Definitions and Functions

metadata

  • structured data describing information resources
  • The National Information Standards Organization (NISO) defines metadata as "structured information that describes, explains, locates, or otherwise makes it easier to retrieve, use, or manage an information resource."
  • The World Wide Web Consortium (W3C) defines metadata as "machine understandable information for the web."
  • The Federal Geographic Data Committee (FGDC) defines metadata as describing, "the content, quality, condition, and other characteristics of data."
  • Put simply, metadata are data about data. They provide context for research findings, ideally in a machine-readable format. Once published, metadata can enable discovery of data via electronic interfaces and enable correct use and attribution of your findings.

(from: http://marinemetadata.org/guides/mdataintro/mdatadefined)

metadata from and for research data

  • external metadata: basis for unambiguous citation, comparable to classical catalogue data (libraries).
    • ID
    • technical data (Technische Daten)
    • discription of content (Beschreibung des Inhalts)
    • people and rights (Personen und Rechte)
    • networking (Vernetzung)
    • life cycle (Lebenszyklus)
  • internal metadata: metadata on subject-specific level, necessary for subject-specific understanding.
    • technical and method specific: data record comprehensible from technical and content point of vies, data file name, file format, file size, (hash value) , information about software,
    • subject-specific, here biodiversity specific: biodiversity specific metatdata for subject-specific retrieval available?, ABCD sufficient for all biodiversity primary data?

metadata for long term storage

  • structural metadata: relation of one object with other objects in an achrive (standard, e.g.
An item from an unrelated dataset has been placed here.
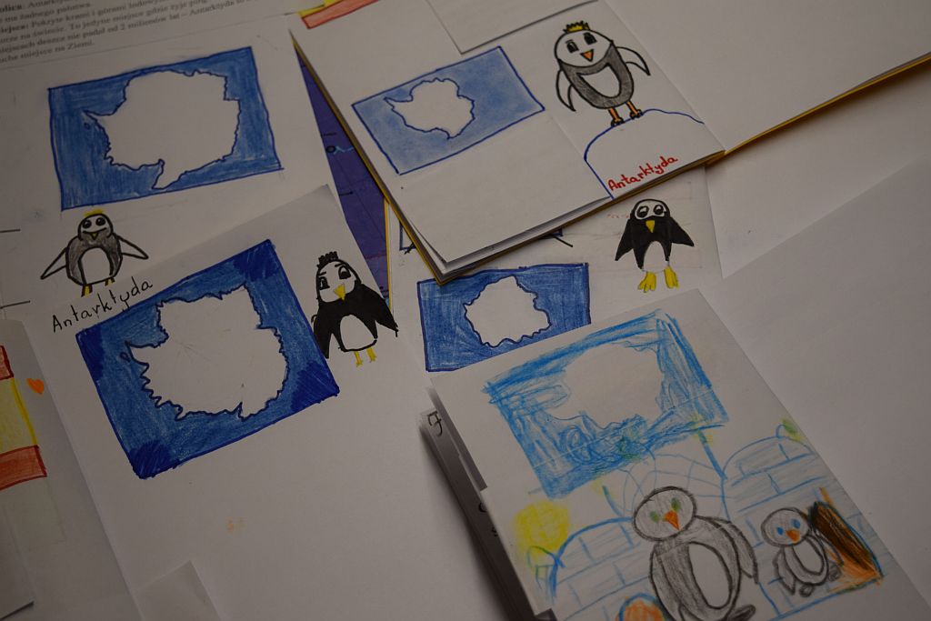 Podczas dzisiejszego spotkania zabraliśmy uczestników w podróż na Antarktydę. Dzięki prezentacji, dzieci mogły lepiej poznać ten mroźny kontynent a paszporty podróżnika zapełniły się o kolejne ciekawe informacje.
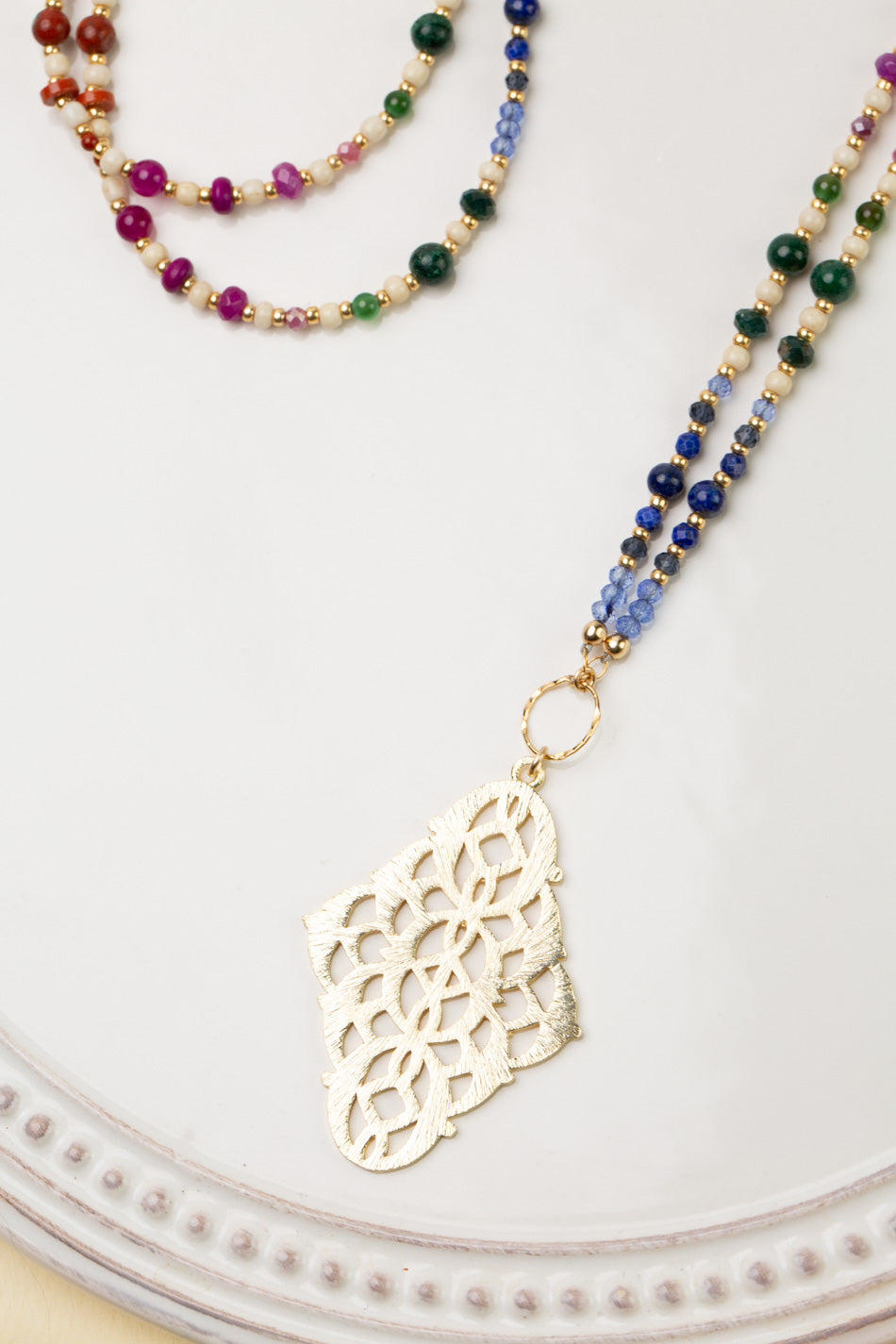 Sacred Heart 35-37" Lapis, Czech Glass, Pietersite Collage Necklace

METS)
  • administrative mtadata: administration of archived objects, originator and use evidence, access control, provinience information
  • preservation metadata: history of an objekt, e.g. provinience, measurements for long term accessability, authenticity, rights information regarding applicable processes (standards PREMIS, LMER)

recommendations from the German research foundatation (DFG)

"Die Daten werden durch Metadaten beschrieben. Mit den Metadaten (mindestens nach Dublin Core) werden zum einen die bibliographischen Fakten festgehalten. Es sind dies der Name des Forschers, der die Daten erhoben hat, die Benennung des Datensatzes, Ort und Jahr der Veröffentlichung sowie technische Daten (Format etc). In den inhaltsbezogenen Metadaten werden die Primärdaten umfassend beschrieben. Hier finden sich die Angaben zu den Rahmenbedingungen, unter denen sie erhoben bzw. gemessen wurden. Hier beschreibt der Autor auch die Fragestellung, unter der die Daten entstanden. Es sollen hier alle Informationen vorliegen, die für eine wiederholte Nutzung der Daten in anderen Fragestellungen erforderlich sind. Die Kriterien des Information Life Cycle Management sollen dabei berücksichtigt werden."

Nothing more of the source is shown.